Personal Experience
With my first shot on Jan 5th, I had muscle soreness at the injection site, upper right arm, which lasted for about 48 hours then went away. It was only muscle ache and tenderness. With the second shot on Jan 29th, I had chills, fever, headache and large joint-shoulder and hip- pain, up to 100F from 12 to 36 hours after injection. I took 2 gram of vitamin C and 2 capsules of echinacea with every meal, and drank many cups of tea. The night was intense then chills went away in the morning followed by diminishing fever by the evening. All symptoms disappeared the second morning.
Normal Immune Responses - What is happening after the vaccine?
Many other vaccine receivers report similar experiences like mine, such as muscle soreness on the site, headache, fever and chill, body ache and fatigue. Those are all normal responses as your immune system kicks in with a vaccine.
Theoretically, it takes about 6 days after the second dose for your immune system to complete its full response. From 12 hour to 48 hours after injection can be intense with flu-like symptoms. During these hours, cells in your bone marrow (myeloid cells; macrophages and neutrophils) are responding to the vaccine by increasing innate immune activities: recruiting effector cells, cytokines, priming and programming the system. As a result, your body establishes the cellular basis of “trained immunity” to protect you from secondary infections.
For those hours, I recommend you to be attentive to your symptoms while taking a good rest to create the best environment for your immune system to do its job. Vitamin C is a great idea to help your body to support immune response and clean up the debris. Avoid heavy meals and keep your diet light and clean with vegetable broth and plenty of tea.
Pfizer vs. Moderna: Are they safe?
Vaccines from Pfizer and Moderna share similar mechanisms and effectiveness. They are both RNA-based two-dose vaccines for COVID-19. In fact, they have a better safety profile than vector-based vaccines that are being used in other countries. Some people worry that COVID vaccines were hurried to be in use and therefore, may not be safe. It is an understandable concern, considering it normally takes 6-10 years to develop a vaccine. However, there are good scientific reasons why we were able to make COVID vaccine so quickly. One is thanks to accumulated groundbreaking research from virologists, especially Susan Weiss, PhD. She and her team studied coronavirus for more than 40 years and found out all viral genomic sequences and mechanisms of infections. Second, those companies have been working on RNA-related drug development for decades in the area of cancer treatment. These existing RNA-based platforms and gained virological knowledge naturally enabled the U.S. to become the first country to produce the vaccine. In addition, pressing urgency eliminated unnecessary bureaucratic time for approvals while granting scientifically necessary trials for its safe utilization.
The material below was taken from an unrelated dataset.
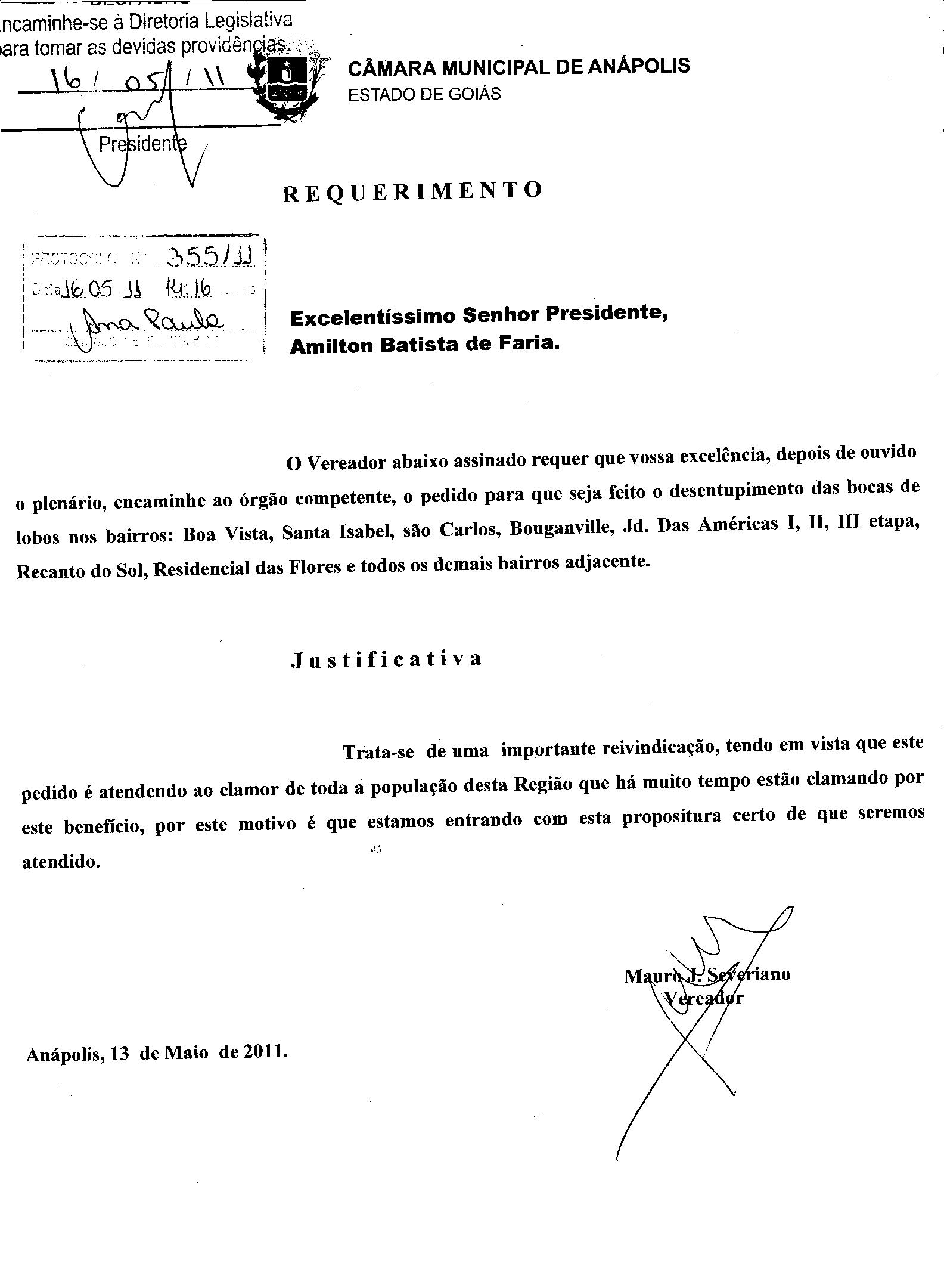 Ementa: O VEREADOR ABAIXO ASSINADO REQUER VOSSA EXCELÊNCIA, DEPOIS DE OUVIDO O PLENÁRIO, ENCAMINHE AO ÓRGÃO COMPETENTE, O PEDIDO PARA QUE SEJA FEITO O DESENTUPIMENTO DAS BOCAS DE LOBOS NOS BAIRROS: BOA VISTA, SANTA ISABEL, SÃO CARLOS, BOUGANVILLE, JD. DAS AMÉRICAS I, II, II ETAPA, RECANTO DO SOL, RESIDENCIAL DAS FLORES E TODOS OS DEMAIS BAIRROS ADJACENTE.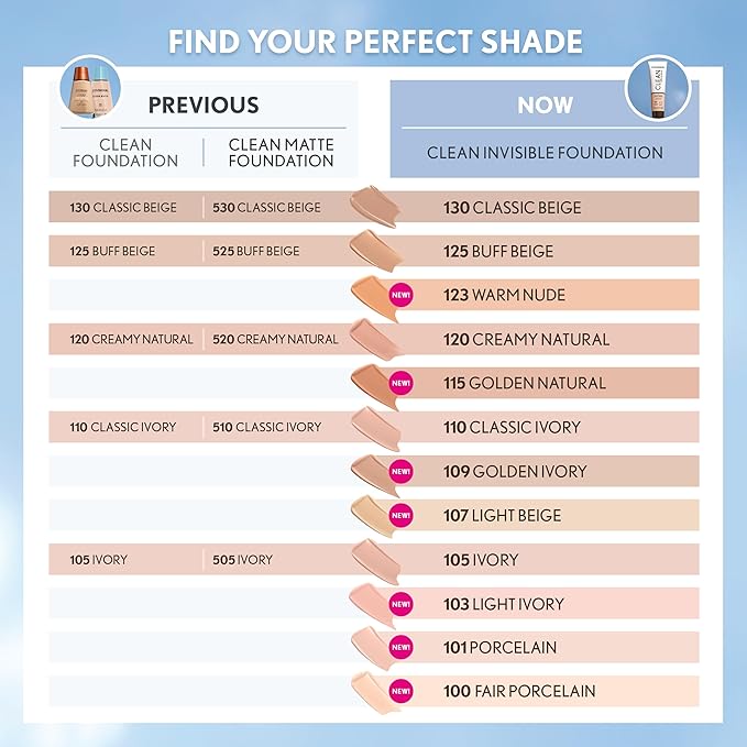COVERGIRL Clean Invisible Foundation Makeup, Dewy & Glowy Natural Finish, Buildable Coverage, Skin-Like Smooth Look, Vegan, Ivory, 1oz

Are they effective and should I get them?
Some say virus variants (such as seasonal flu strain) limit the effectiveness of vaccines. However, coronavirus is known to mutate less and even if they do, maintain similarities in structure. This gives a reasonable advantage of the vaccines to remain effective to variants. This is how COVID-19 vaccine data could show the impressive 95% effectiveness compared to 60% of flu vaccines in a very good season. There are still unknowns; we don't have long term data on how long the vaccine immunity lasts and whether vaccination stops the virus from spreading person-to-person. However, with vaccination, your immune response will recognize secondary viral attacks and protect you from infection; none or shorter sickness and far less chance of serious illness or long term complications. This means, in public health standpoint, vaccination lessens the whole health care burden and normalizes the system in a pandemic. So, YES. As of Feb 9th, 2021, CDC reports 42,417,617 of COVID vaccine had been administered in the United States. Some statistics suggested 500 deaths from COVID vaccine up to this point. Assume those numbers are correct. Fatality of COVID vaccine is 0.001%. COVID cases in the U.S. is 27.7 million so far and death case from them is 477,000 thus fatality from COVID is 1.7% in the U.S. Vaccine is the winning game plan.